How to complete this task =
Leave the pictures out, and repeat exactly every line from the one with "1.安全載重系數高 平車采用箱梁式結構,車輪采用的車加工,熱處理,平車的安全系數可以達到1.5 2.自動化程度高" through the end of the data below.

[Task input]

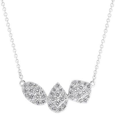 Un diseño muy moderno engastado con una miríada de diamantes dando un collar fino y elegante. Con cadena de doble posición 42 cm y 45 cm.
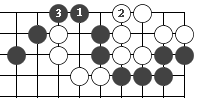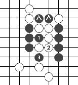 (图38) 图39:白方先紧气,自白1到白3,白方先把两个黑子吃掉。
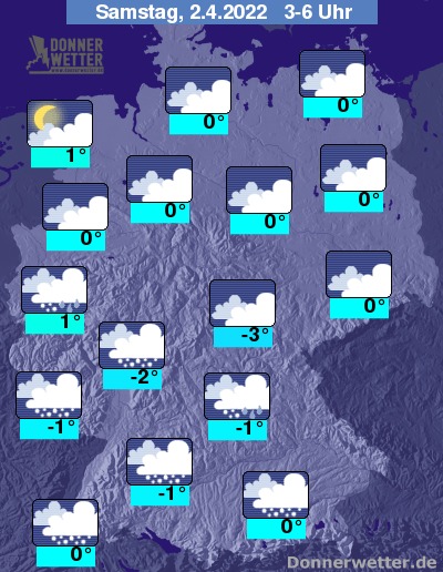 In der kommenden Nacht fällt über dem Süden, anfangs auch im Westen Deutschlands weiterhin zeitweise Schnee und zum Teil auch Schneeregen. Im übrigen Land ist es zwar ebenfalls bedeckt, jedoch trocken. Die Temperatur sinkt auf 1 Grad in Wilhelmshaven und bis.-3 Grad in Jena.
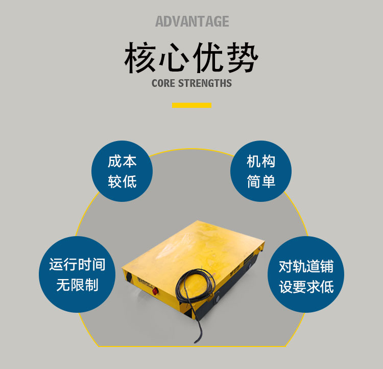 1.安全載重系數高 平車采用箱梁式結構,車輪采用的車加工,熱處理,平車的安全系數可以達到1.5 2.自動化程度高 平車可以增加plc,實現自動化對接,無人操作車間 3.短途運行
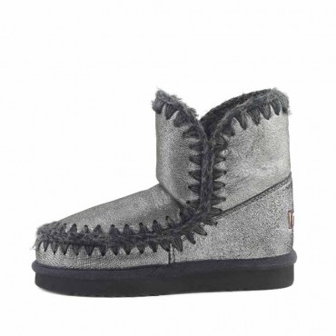 L'eskimo 18 è la versione petite che si aggiunge alla iconica collezione eskimo. Modello realizzato a mano in montone double-face con riporto microglitter colore nero metallizzato (Mgblk) straordinariamente caldo con cuciture in lana lavorate all'uncinetto in tinta con leggero effetto a contrasto. Il pellame particolare e prezioso dona alla tinta unita dello stivale un effetto particolarmente luminoso e ricercato. Con conchiglia di sostegno, tallone rinforzato e resistente suola esterna in gomma ed EVA. Incredibilmente confortevole e resistente. Altezza 18 centimetri. Vestibilità regolare.

[/Task input]

Response for this exercise =
 1.安全載重系數高 平車采用箱梁式結構,車輪采用的車加工,熱處理,平車的安全系數可以達到1.5 2.自動化程度高 平車可以增加plc,實現自動化對接,無人操作車間 3.短途運行
 L'eskimo 18 è la versione petite che si aggiunge alla iconica collezione eskimo. Modello realizzato a mano in montone double-face con riporto microglitter colore nero metallizzato (Mgblk) straordinariamente caldo con cuciture in lana lavorate all'uncinetto in tinta con leggero effetto a contrasto. Il pellame particolare e prezioso dona alla tinta unita dello stivale un effetto particolarmente luminoso e ricercato. Con conchiglia di sostegno, tallone rinforzato e resistente suola esterna in gomma ed EVA. Incredibilmente confortevole e resistente. Altezza 18 centimetri. Vestibilità regolare.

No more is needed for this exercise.